Description of the task ->
Print the lines from the one containing "Detalles del producto3" through the end of the material below, both included, exactly as they appear and without pictures.
----------
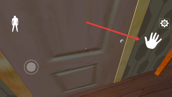 3、靠近房門(mén)時(shí),點(diǎn)擊右側(cè)白色手掌圖標(biāo),嘗試開(kāi)啟房門(mén),繼續(xù)推進(jìn)游戲,解鎖新區(qū)域場(chǎng)景。
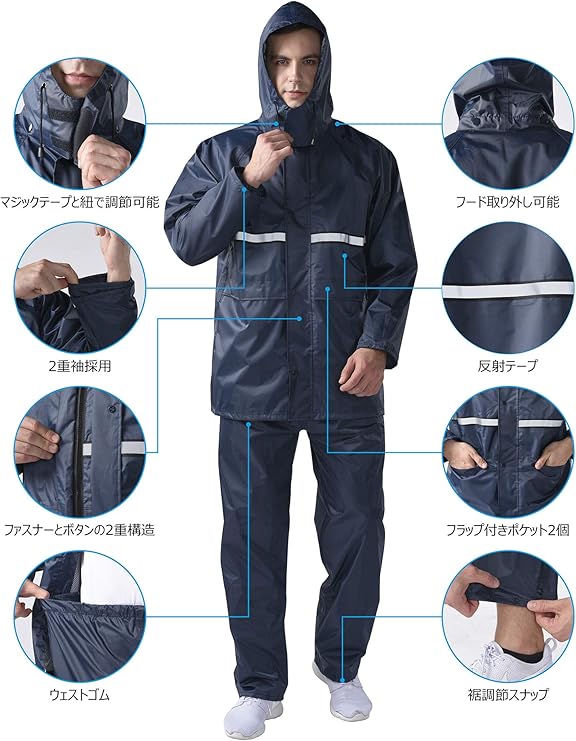 [Fosys] レインウェア 上下セット レインスーツ レインコート メンズ レディース 防水 撥水 アウトドア 自転車 通勤 通学
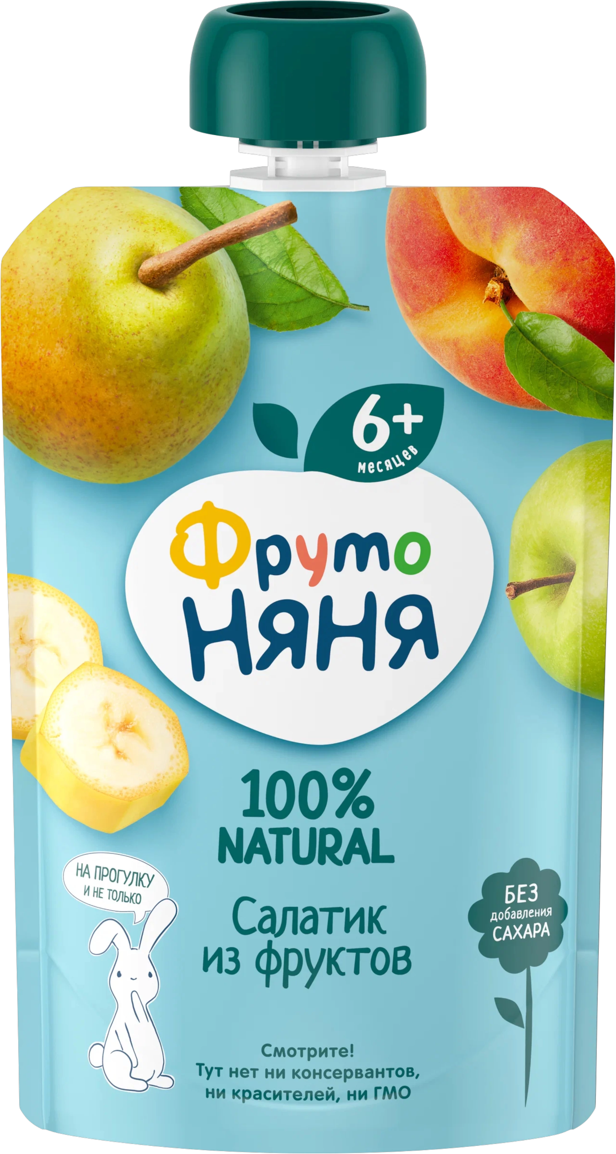 Детское пюре «ФрутоНяня» Салатик из фруктов — это сбалансированный микс из спелых яблок, груш и персиков, созданный специально для расширения рациона малыша. Продукт изготавливается исключительно из натуральных ингредиентов без добавления сахара, крахмала и консервантов. Благодаря бережной технологии переработки фрукты сохраняют максимум природных витаминов и нежную текстуру. Компактная мягкая упаковка с завинчивающейся крышкой позволяет брать полезный перекус на прогулку или в путешествие.
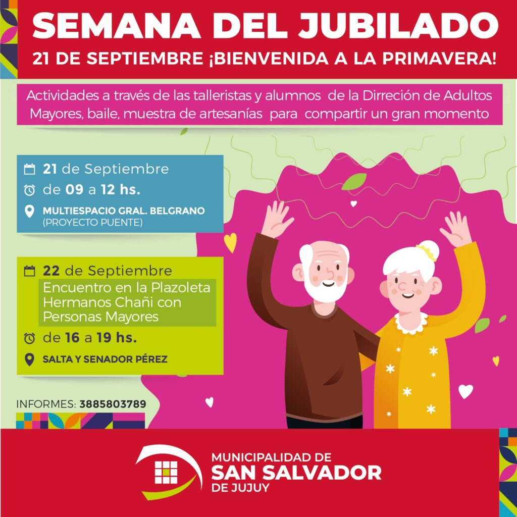 Para obtener más información sobre la Semana del Jubilado y las actividades programadas, los interesados pueden comunicarse al teléfono 3885803789.
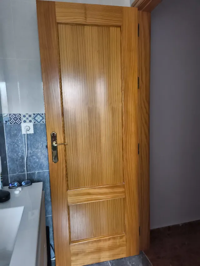 Detalles del producto3 puertas interiores de madera de 72x203 cm: 1 ciega y dos con cristales traslúcidos. Se venden junto con tapetas de 7cm, galce de 10cm (1 con cristales) y 12cm (2 la ciega y la otra de cristal), herrajes y manillas. En fantástico estado, únicamente las dos puertas con cristales tienen algún signo de arañazos por animales (se aprecia en las dos ultimas fotos).
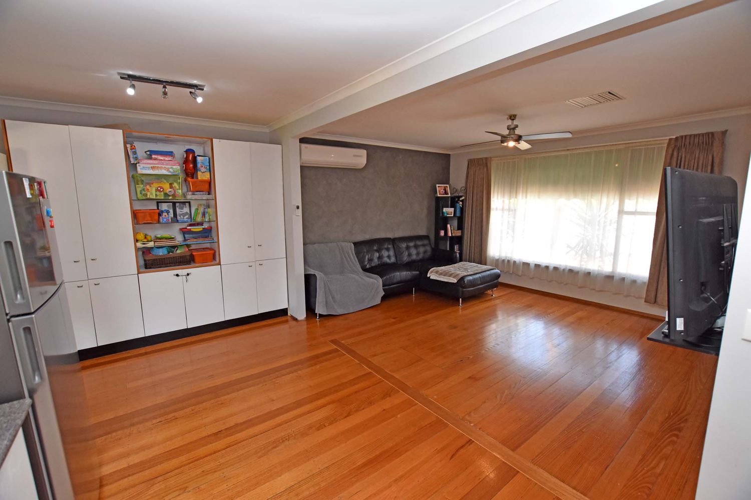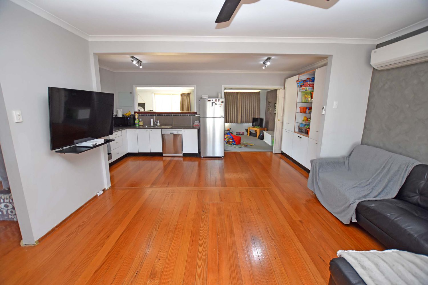 Featuring an open plan living area complemented by a modern kitchen and polished floorboards
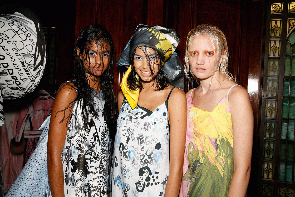 AW16’s Ones To Watch winner Edda graduated from London College of Fashion and has been named by the New York Times as one of ten “fresh out of fashion school designers to watch,” designer Edda describes herself as “fascinated by textiles.”. The Norwegian designer combines various elements to her collection from heavily embellished pink knitwear to bold black and white hand-drawn prints with an element of fur.
----------
Result ->
 Detalles del producto3 puertas interiores de madera de 72x203 cm: 1 ciega y dos con cristales traslúcidos. Se venden junto con tapetas de 7cm, galce de 10cm (1 con cristales) y 12cm (2 la ciega y la otra de cristal), herrajes y manillas. En fantástico estado, únicamente las dos puertas con cristales tienen algún signo de arañazos por animales (se aprecia en las dos ultimas fotos).
 Featuring an open plan living area complemented by a modern kitchen and polished floorboards
 AW16’s Ones To Watch winner Edda graduated from London College of Fashion and has been named by the New York Times as one of ten “fresh out of fashion school designers to watch,” designer Edda describes herself as “fascinated by textiles.”. The Norwegian designer combines various elements to her collection from heavily embellished pink knitwear to bold black and white hand-drawn prints with an element of fur.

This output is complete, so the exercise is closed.